Ash snorted as he carefully placed the Master Ball back in the safe under his bed. Eyeing the human made God while doing so. “A Poké Ball caught Victini-“
Mewtwo cut the young man off, “Victini is a mythical Pokémon. I’m a God, Ashton!”
“-and Mew.” Aah finishes without a care in the world that Mewtwo spoke over him.
The giant God deflated, “I... forgot about Mew.” It was hard to admit their wrong decisions, but being around Ash makes a lot of things easier on the God for some reason. “But anyways-“
“It’s either the Poké Ball, or your not coming to Galar with me.” Ash stated, planting himself in front of Mewtwo with a firm look in his eyes. “Your going to stand out from any other Pokémon ‘Two. Hell! Pikachu is going to stand out against the crowds!” The Trainer cried out while pointing to said Pokémon on the bed.
Pikachu was lazily watching the fight between Pokémon and human. Taking up at least half of the bed from how big the mouse Pokémon had grown and slowly evolved over time. Now the hight and length of a Houndoom with a mouthful of teeth that rivals the Dragon type Gods. War does things to people and Pokémon, and both Ash and Pikachu chose to adapt to their predicament instead of pushing it to the side.

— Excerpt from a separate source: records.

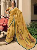 Presenting this pale yellow color saree crafted in georgette. Augmented using digitally printed geometric patterns with distinstive borders enhanced with satin lace. Available with a matching yellow color blouse in georgette. Note: The accessories featured are purely for fashion purposes. Due to photography reasons, some color variations may occur. The un-stitched blouse may be customized up to 42 inches.
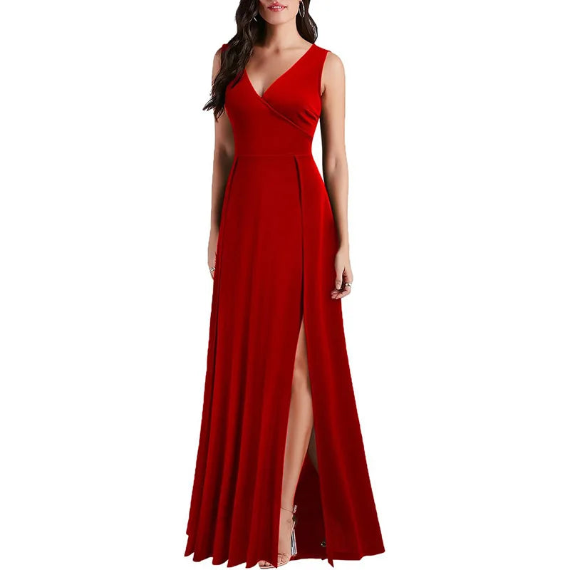 Vestidos de dama de honor de satén personalizados, corte A, escote en V y largo hasta el suelo
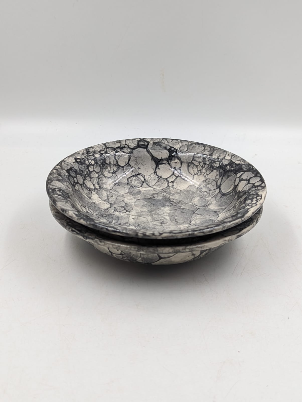 Ceramic deep plate in black colour bubble design. Set of 2 plates.

Mewtwo frowned. Eyeing the standard Poké Balk Ash had grabbed, making sure to sulk extra long as they made their decision.

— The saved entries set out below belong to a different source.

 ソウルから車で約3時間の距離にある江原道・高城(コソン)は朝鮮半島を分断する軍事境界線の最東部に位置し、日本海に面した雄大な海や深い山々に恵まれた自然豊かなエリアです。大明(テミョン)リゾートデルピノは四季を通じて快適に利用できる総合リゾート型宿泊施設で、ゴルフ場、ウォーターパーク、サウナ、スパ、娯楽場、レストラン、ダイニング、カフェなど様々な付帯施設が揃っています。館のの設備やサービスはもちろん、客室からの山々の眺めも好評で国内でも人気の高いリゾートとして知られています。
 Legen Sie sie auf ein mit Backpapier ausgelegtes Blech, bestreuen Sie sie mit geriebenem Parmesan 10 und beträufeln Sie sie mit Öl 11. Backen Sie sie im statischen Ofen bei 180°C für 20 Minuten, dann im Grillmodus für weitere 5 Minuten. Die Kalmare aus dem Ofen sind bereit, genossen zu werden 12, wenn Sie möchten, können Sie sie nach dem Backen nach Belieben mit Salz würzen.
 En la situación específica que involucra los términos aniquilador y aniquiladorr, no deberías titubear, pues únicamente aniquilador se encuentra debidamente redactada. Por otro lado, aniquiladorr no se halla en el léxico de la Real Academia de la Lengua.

“Fine!” Mewtwo grumbled before pressing one of their paw pads against the button in the middle of the device. The God was soon sucked into the Ball, Ash’s hand uncurled so the device can shake in his palm.
The mini holographic stars and the binging sound greeted Ash’s eyes and ears. Sighing he clutched the Ball close to his chest, glancing at Pikachu who looked back with a bland stare.
“Yeah, yeah.” Aha grumbled. “I know your happy there’s another babysitter.” He hissed at the electric Pokémon.
Pikachu smiled cheekily back before curling up to continue his nap as Ash called Mewtwo out with a resigned acceptance for near future questions.